* Task description
Required from the data below: the exact lines starting at the line containing "การให้บริการงา" and ending at the line containing "left sleeve cuff.", with both ends kept and all pictures dropped.

* Provided data

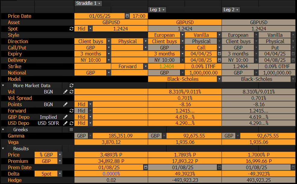 In this case, we’ve bought a 1.2404 strike call and a 1.2404 strike put option. The delta is almost 0.5 for the call and -0.5 on the put. So, our net delta is 0. The trader wouldn’t be negatively impacted by spot moving in one direction. Rather, if it was a volatile move (in either direction), the trade would be profitable.
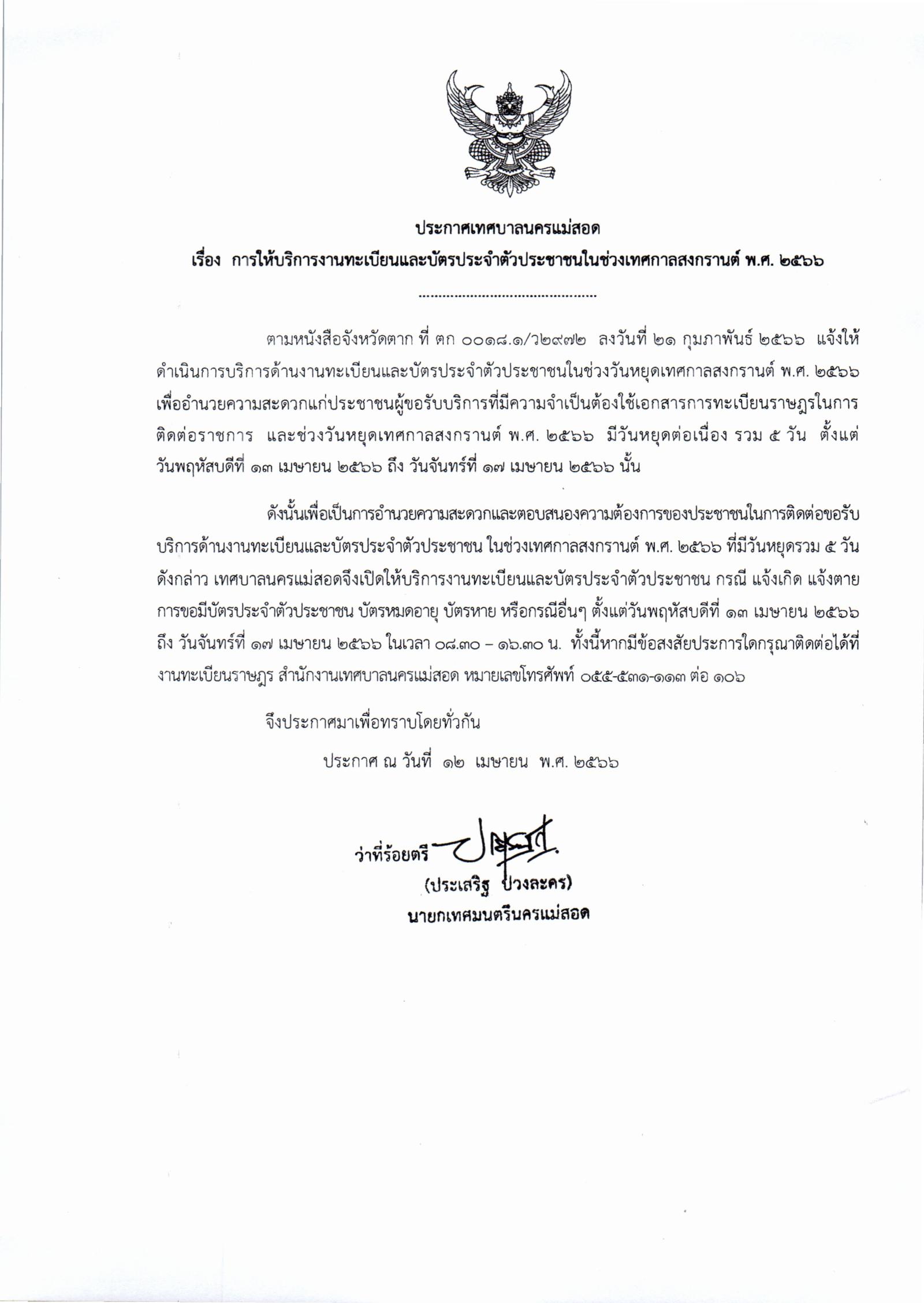 การให้บริการงานทะเบียนและบัตรประจำตัวประชาชนในช่วงเทศกาลสงกรานต์ พ.ศ.2566
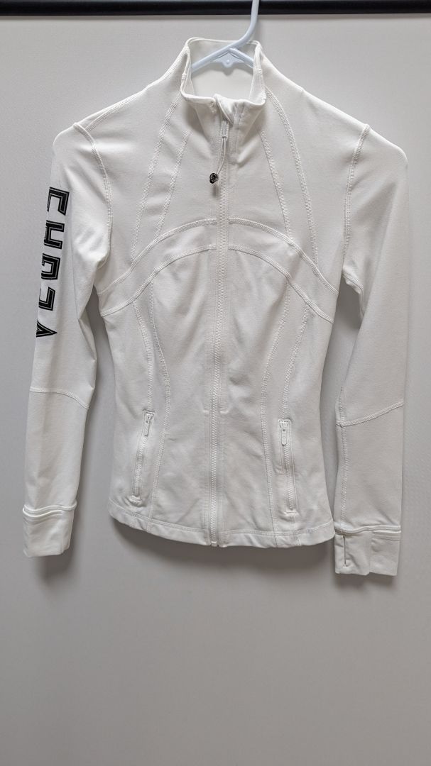 Lululemon White "Vegas Golden Knights" Edition Active Jacket. Size 2. Very gently used, with some minor wear to the material. It has a zippered front, 2 front zippered pockets, a vented back, thumb-hole sleeve cuffs, "Vegas" written on the right sleeve, and the VGK logo on the left sleeve cuff.
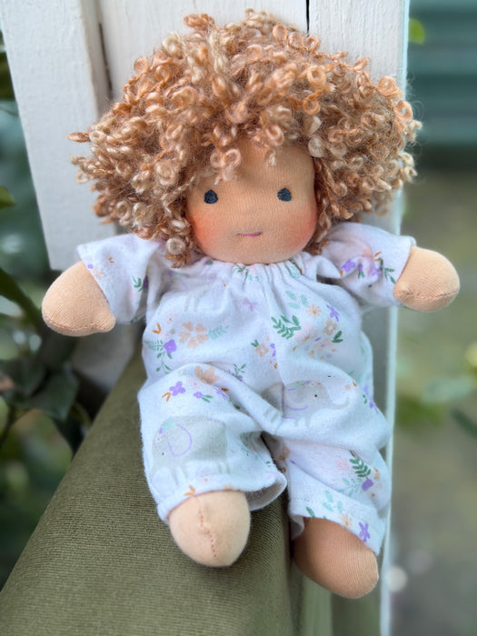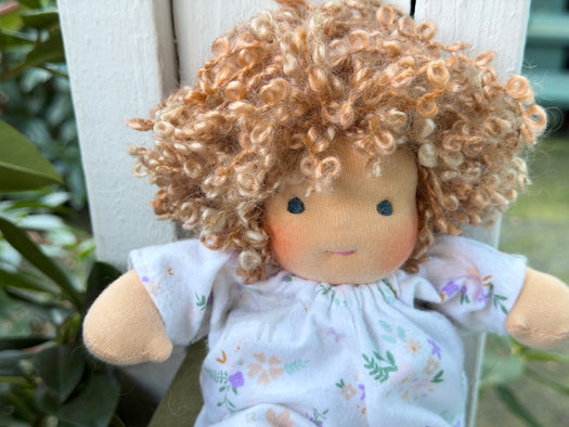 I am excited to offer these little cuties up for adoption today! Measuring about 6–7" long, our Piccolina Baby Dolls are handmade with cotton knit and stuffed with cozy West Coast wool for that soft, natural feel children love. Their hair is crafted from wool and mohair yarns, their sweet faces are hand-embroidered, and each one comes wearing a tiny diaper and matching outfits.

* Solution for this problem
 การให้บริการงานทะเบียนและบัตรประจำตัวประชาชนในช่วงเทศกาลสงกรานต์ พ.ศ.2566
 Lululemon White "Vegas Golden Knights" Edition Active Jacket. Size 2. Very gently used, with some minor wear to the material. It has a zippered front, 2 front zippered pockets, a vented back, thumb-hole sleeve cuffs, "Vegas" written on the right sleeve, and the VGK logo on the left sleeve cuff.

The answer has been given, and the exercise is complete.